→ **Activity**:
Please keep pictures out and return the lines below exactly, from the one holding "Locate the hood" through the last, both included.

╭──

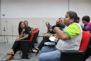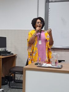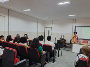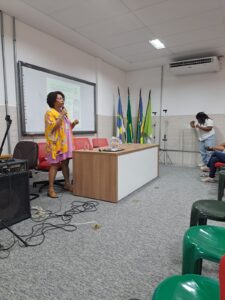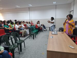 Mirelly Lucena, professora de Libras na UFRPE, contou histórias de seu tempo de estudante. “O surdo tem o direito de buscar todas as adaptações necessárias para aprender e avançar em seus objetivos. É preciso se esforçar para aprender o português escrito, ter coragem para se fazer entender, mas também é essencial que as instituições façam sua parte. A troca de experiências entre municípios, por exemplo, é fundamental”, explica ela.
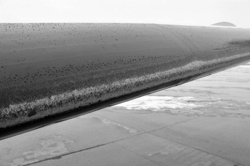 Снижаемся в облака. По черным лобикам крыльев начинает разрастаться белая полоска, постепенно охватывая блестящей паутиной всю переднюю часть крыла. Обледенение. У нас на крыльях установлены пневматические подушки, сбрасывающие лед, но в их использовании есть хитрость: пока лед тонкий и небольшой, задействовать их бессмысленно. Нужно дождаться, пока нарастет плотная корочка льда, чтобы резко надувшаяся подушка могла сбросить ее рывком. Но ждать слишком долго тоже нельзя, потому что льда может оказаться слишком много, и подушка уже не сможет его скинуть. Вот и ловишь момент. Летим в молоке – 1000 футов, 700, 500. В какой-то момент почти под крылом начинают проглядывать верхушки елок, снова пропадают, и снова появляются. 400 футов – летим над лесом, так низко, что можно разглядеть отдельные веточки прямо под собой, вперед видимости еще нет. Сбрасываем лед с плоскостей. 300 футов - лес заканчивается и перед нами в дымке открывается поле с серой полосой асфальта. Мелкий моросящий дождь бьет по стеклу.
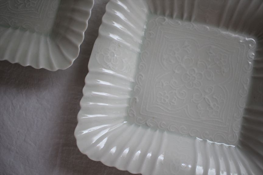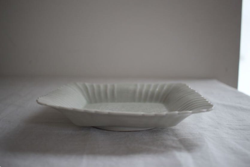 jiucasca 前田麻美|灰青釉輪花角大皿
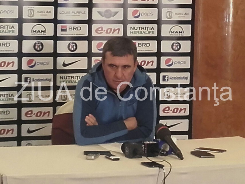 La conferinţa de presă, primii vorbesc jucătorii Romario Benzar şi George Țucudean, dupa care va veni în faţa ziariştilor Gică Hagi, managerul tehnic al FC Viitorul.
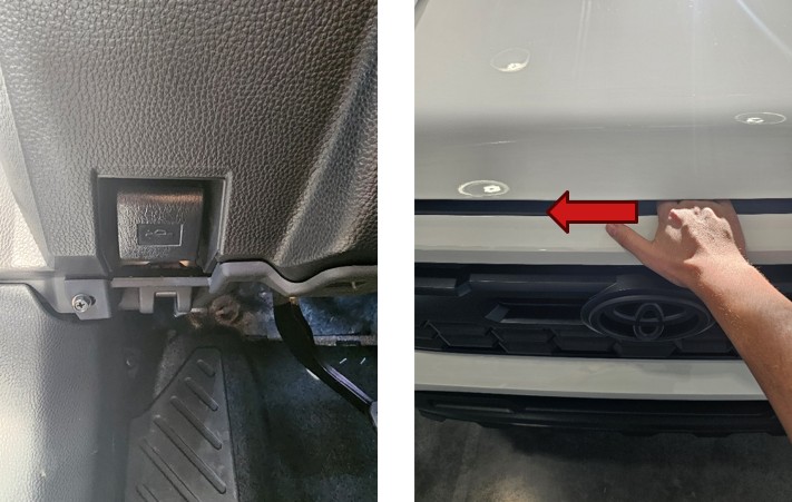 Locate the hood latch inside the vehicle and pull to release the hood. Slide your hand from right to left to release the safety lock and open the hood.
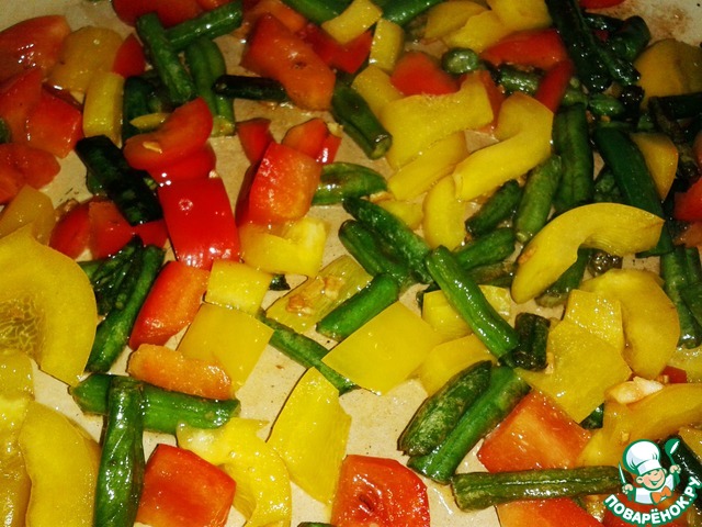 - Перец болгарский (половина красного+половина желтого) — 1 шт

╰──

→ **Written answer**:
 Locate the hood latch inside the vehicle and pull to release the hood. Slide your hand from right to left to release the safety lock and open the hood.
 - Перец болгарский (половина красного+половина желтого) — 1 шт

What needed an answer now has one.